Numerous sources indicate that Cashman may leave the Yankees organization for a smaller market club when his contract ends after the season.  And to that, Yankee fans should say good riddance.  Brian Cashman has been the most overrated general manager in all of sports for the last ten years.  

While Cashman has made some good moves over the course of his tenure (trading for Scott Brosius and Chuck Knoblauch in 1998, getting major contributions from Shawn and Aaron Small in 2005), most have been relegated to obscurity (Chili Davis anyone?).

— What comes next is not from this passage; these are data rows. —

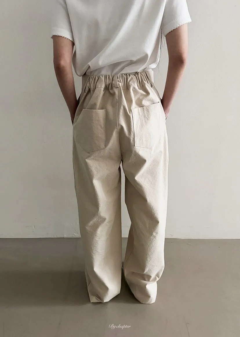 後鬆緊寬直筒褲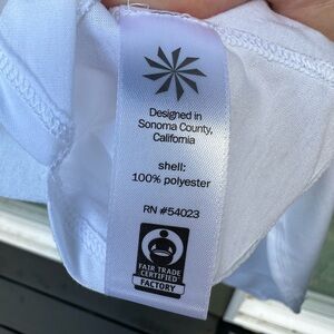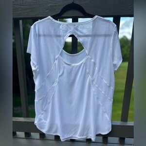 This Athleta t-shirt features a crisp white color and short sleeves, perfect for a casual day out. The standout cutout detail on the back adds a touch of style to this comfortable and relaxed fit top. Made from a soft, stretchy fabric, it ensures all-day comfort.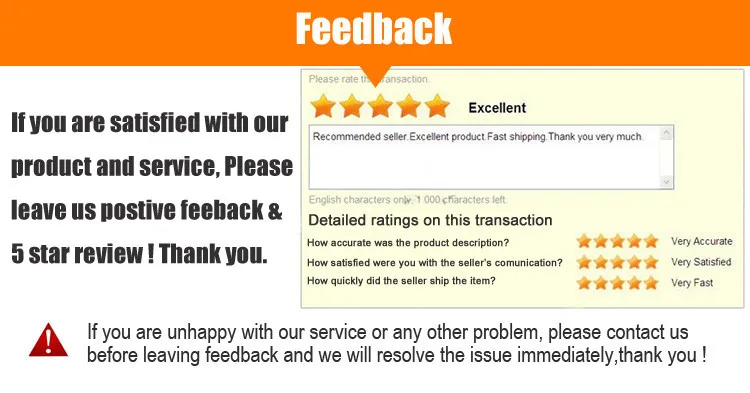 1. Если вы удовлетворены нашим продуктом и обслуживанием, пожалуйста, оставьте нам положительный отзывы и 5 звезд! Мы будем очень признательны! Спасибо. 2. Мы будем иметь 15 дней больше защиты после завершения заказа. 3. Когда у вас возникнут какие-либо проблемы с продуктами, пожалуйста, свяжитесь с нами вовремя, мы решим их для вас. Ваши отзывы гораздо важнее для нас. Спасибо!

The only reason Cashman has been able to survive for so long was that he was able to win multiple World Series Championships with teams that Gene Michael built.  

His mistakes are further covered up by the Yankees’ huge payroll, which allows the team to eat bad contracts without problems, like Carl Pavano’s in 2004 (who Cashman greatly considered bringing back this offseason) or AJ Burnett’s in 2008, contracts that would devastate other teams.

So, to Brian Cashman I say, "Be careful what you wish for."  Leaving a great gig like the Yankees will be a day you rue for years to come.  Sure, you may get more power with a mid-market club, but you’ll miss the ability to sign any free agent you want, as well as the pomp and circumstance of New York.